Provided data:
- Opening Delimiter -

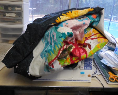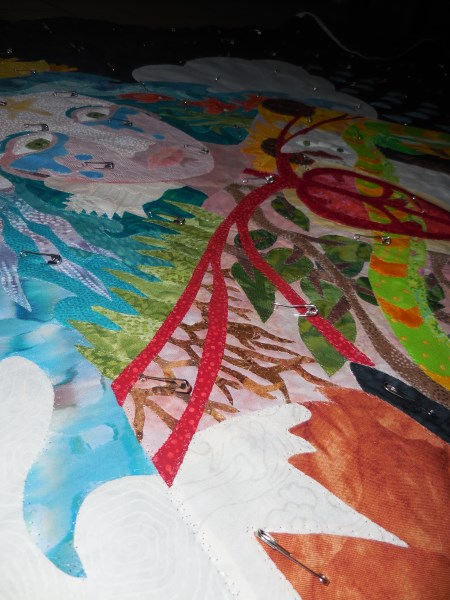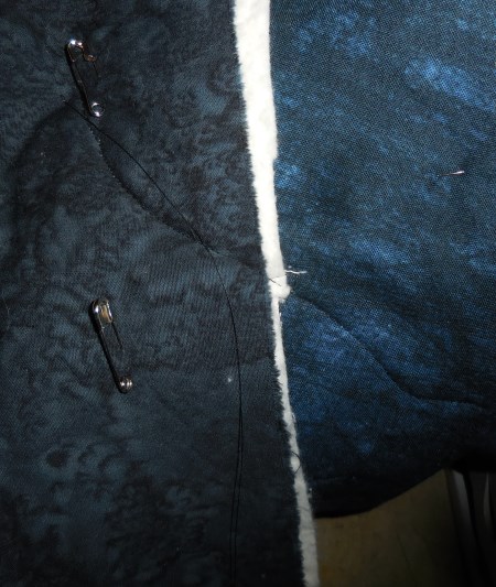 And pinbasted it. I have lots of people who ask why I don’t spray-baste. I’m not a fan of chemical overspray, and this thing is large. I don’t have anywhere flat to baste something this big except in the entryway. I might try it someday with something small, but then I forget and I don’t actually own any of the spray and it’s just way easier to pin it anyway.
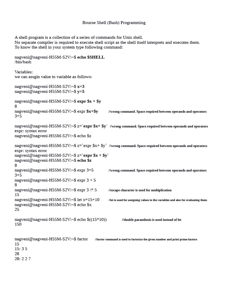 nagveni@nagveni-H55M-S2V:~$ expr 3+5 //wrong command. Space required between operands and operators
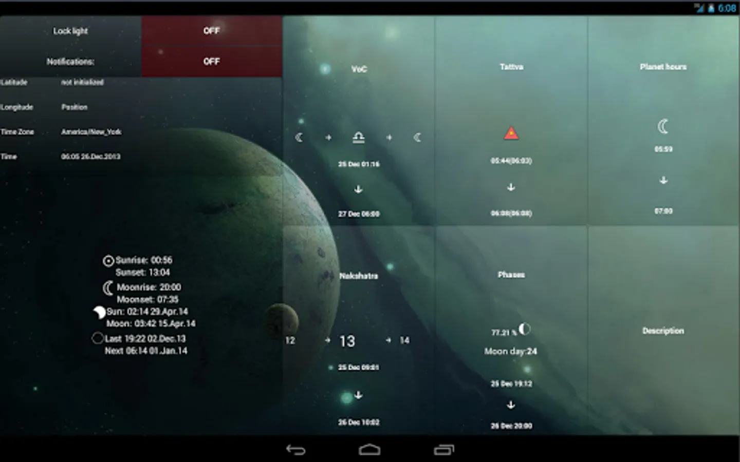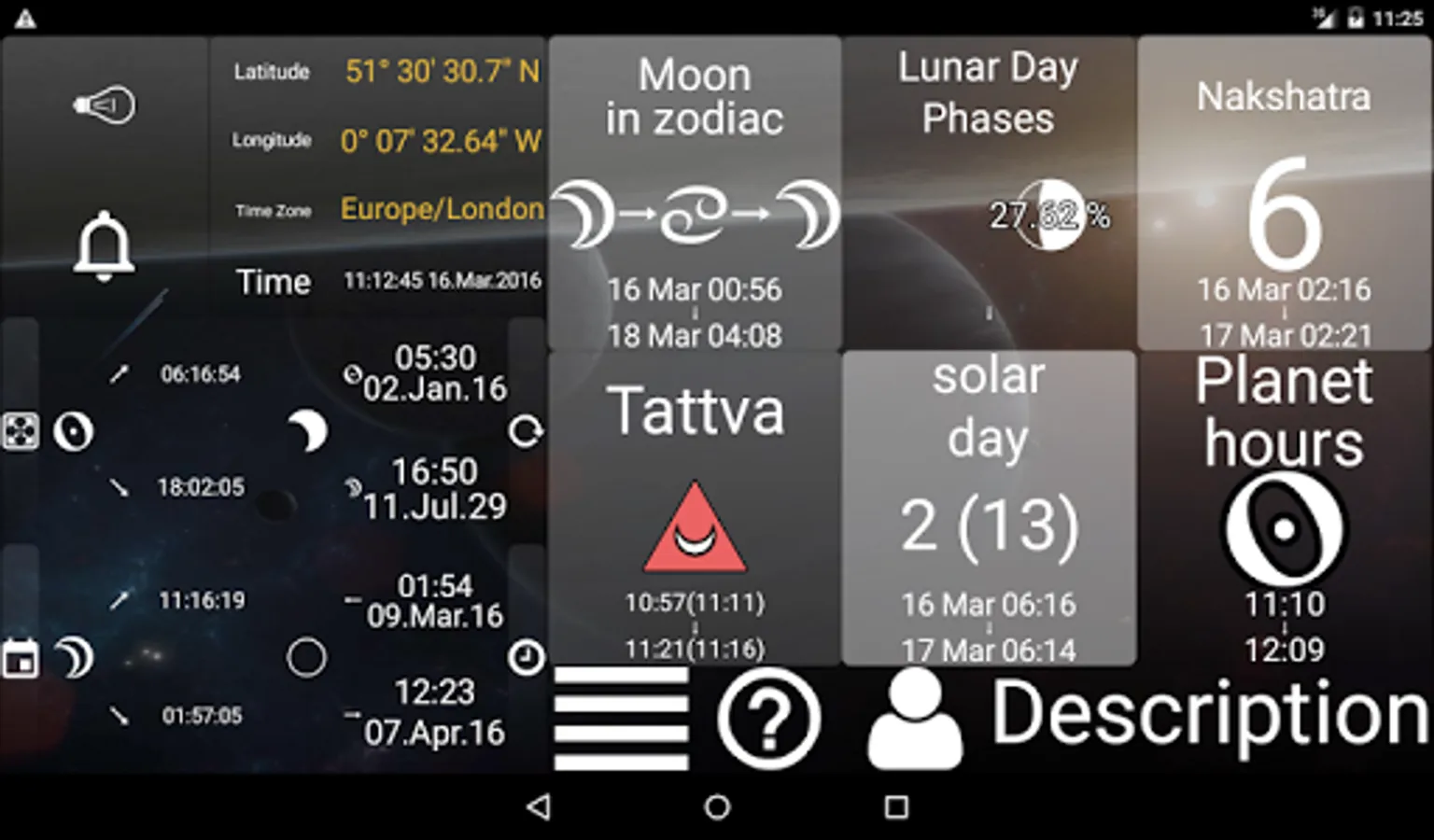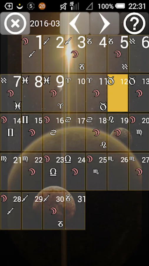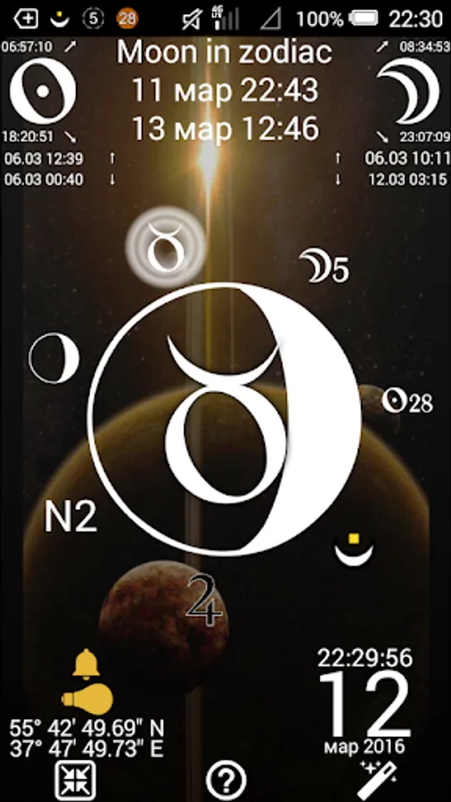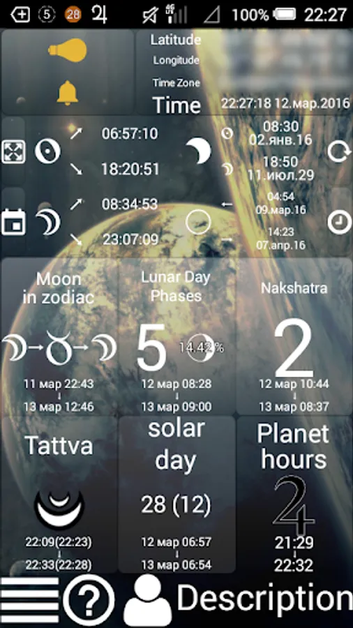 The major feature of Lunar Calendar 2016 is to calculate lunar day for any point of the Earth you want at any time you want. Of course, you can read astrological description and advices for everyday. Now it is supported two variants of lunar days: indian (new day each 12 degrees) and moon rise (new day each moon rise or new moon).
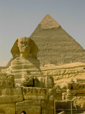 Sfingy: ležiace telo leva s ludskou hlavou, v Gíze je obrovská sfinga dlhá 70 m, vysoká 20 m, vytesaná z vápencového vršku.

- Closing Delimiter -

What you need to do: Return every line of the listing exactly, leaving its pictures behind.

The answer:
 And pinbasted it. I have lots of people who ask why I don’t spray-baste. I’m not a fan of chemical overspray, and this thing is large. I don’t have anywhere flat to baste something this big except in the entryway. I might try it someday with something small, but then I forget and I don’t actually own any of the spray and it’s just way easier to pin it anyway.
 nagveni@nagveni-H55M-S2V:~$ expr 3+5 //wrong command. Space required between operands and operators
 The major feature of Lunar Calendar 2016 is to calculate lunar day for any point of the Earth you want at any time you want. Of course, you can read astrological description and advices for everyday. Now it is supported two variants of lunar days: indian (new day each 12 degrees) and moon rise (new day each moon rise or new moon).
 Sfingy: ležiace telo leva s ludskou hlavou, v Gíze je obrovská sfinga dlhá 70 m, vysoká 20 m, vytesaná z vápencového vršku.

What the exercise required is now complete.